[What this task involves] Omit every image, and transcribe the remaining entries exactly as given.
----------
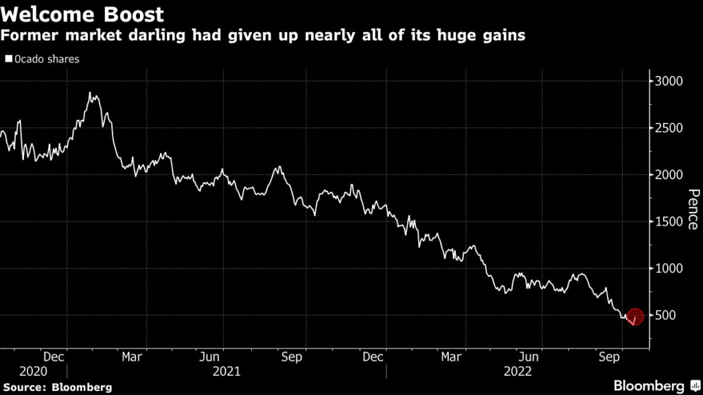 (Bloomberg) — Ocado Group Plc’s stock has gotten a much-needed boost from merger news involving one of its partners, stemming a slump that had seen the technology-focused UK grocer lose three quarters of its value this year.
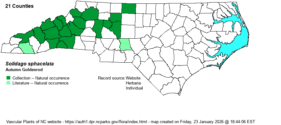 | Distribution | Mountains and western half of the Piedmont, ranging east to Rockingham and Montgomery counties.
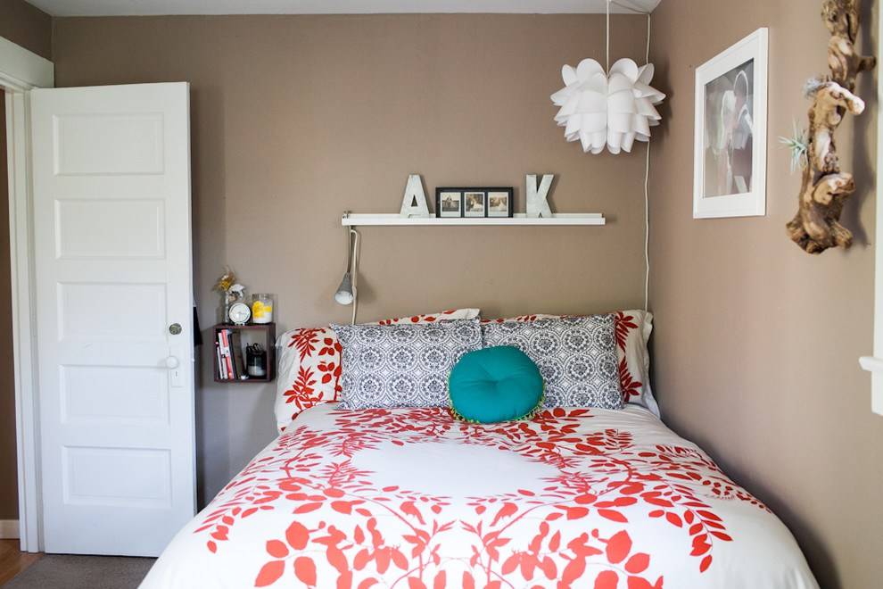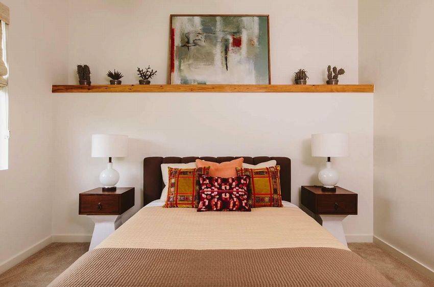 Длинная полка над кроватью позволит визуально расширить помещение
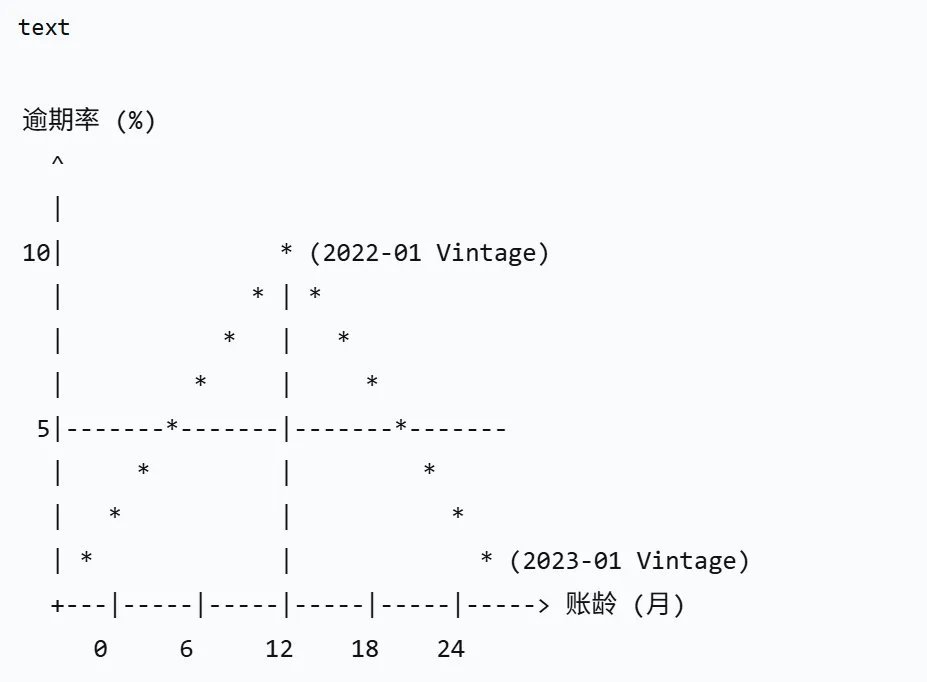 具体来说, 企业分析某个批次的贷款(Vintage)的还款情况, 可以通过其逾期率的变化趋势,来预测新批次贷款未来的损失情况。
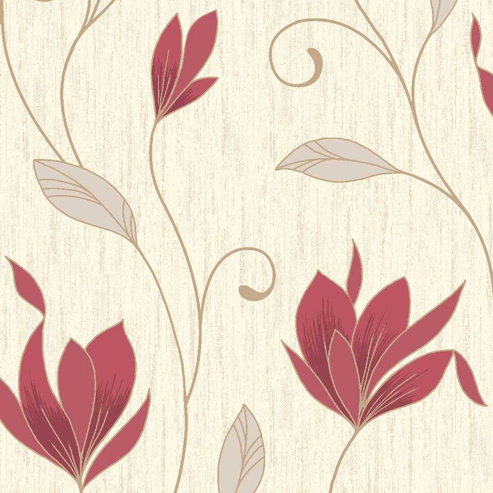 Description: A red flower on a beige background with a swirly design on it's side and a white background with a light brown border.
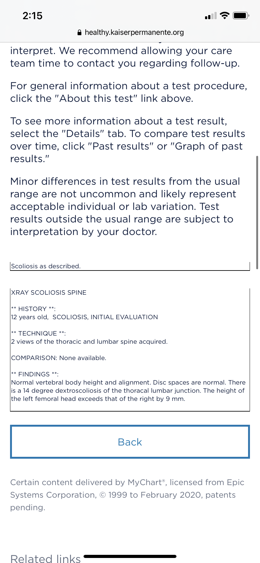 Дальше, на счет моей жалобы о разной высоте плечей. На осмотре ей сказали снять одежду и одеть жилетку. И под жилетку они не заглядывали. Позвоночник и плечи она сказала а давай лучше сделаем рентген. А сама она ушла на неделю в отпуск. Рез-т рентгена показал 14 degree dedtroscoliosis and 9mm difference in femoral head bones sizes. Какой-то дежурный педиатр послал нас сделать leg length xray study on 4/19, и потом говорить с ортопедом. Дал реферал к ортопеду через месяц(!) с 4 просьбы по имейлу. Прием по телефону. Лично к ортопеду на осмотр не пускают. Дал реферал к физикал тераписту через месяц тоже, видео аппоинтмент. Он даже ее не осмотрит и не прощупает ее кости и не проверит мобильность, чтобы сказать что делать и что не делать.
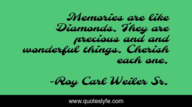 This page presents the quote "Memories are like Diamonds. They are precious and and wonderful things. Cherish each one.". Author of this quote is Roy Carl Weiler Sr.. .
----------
[Solution for this exercise]
 (Bloomberg) — Ocado Group Plc’s stock has gotten a much-needed boost from merger news involving one of its partners, stemming a slump that had seen the technology-focused UK grocer lose three quarters of its value this year.
 | Distribution | Mountains and western half of the Piedmont, ranging east to Rockingham and Montgomery counties.
 Длинная полка над кроватью позволит визуально расширить помещение
 具体来说, 企业分析某个批次的贷款(Vintage)的还款情况, 可以通过其逾期率的变化趋势,来预测新批次贷款未来的损失情况。
 Description: A red flower on a beige background with a swirly design on it's side and a white background with a light brown border.
 Дальше, на счет моей жалобы о разной высоте плечей. На осмотре ей сказали снять одежду и одеть жилетку. И под жилетку они не заглядывали. Позвоночник и плечи она сказала а давай лучше сделаем рентген. А сама она ушла на неделю в отпуск. Рез-т рентгена показал 14 degree dedtroscoliosis and 9mm difference in femoral head bones sizes. Какой-то дежурный педиатр послал нас сделать leg length xray study on 4/19, и потом говорить с ортопедом. Дал реферал к ортопеду через месяц(!) с 4 просьбы по имейлу. Прием по телефону. Лично к ортопеду на осмотр не пускают. Дал реферал к физикал тераписту через месяц тоже, видео аппоинтмент. Он даже ее не осмотрит и не прощупает ее кости и не проверит мобильность, чтобы сказать что делать и что не делать.
 This page presents the quote "Memories are like Diamonds. They are precious and and wonderful things. Cherish each one.". Author of this quote is Roy Carl Weiler Sr.. .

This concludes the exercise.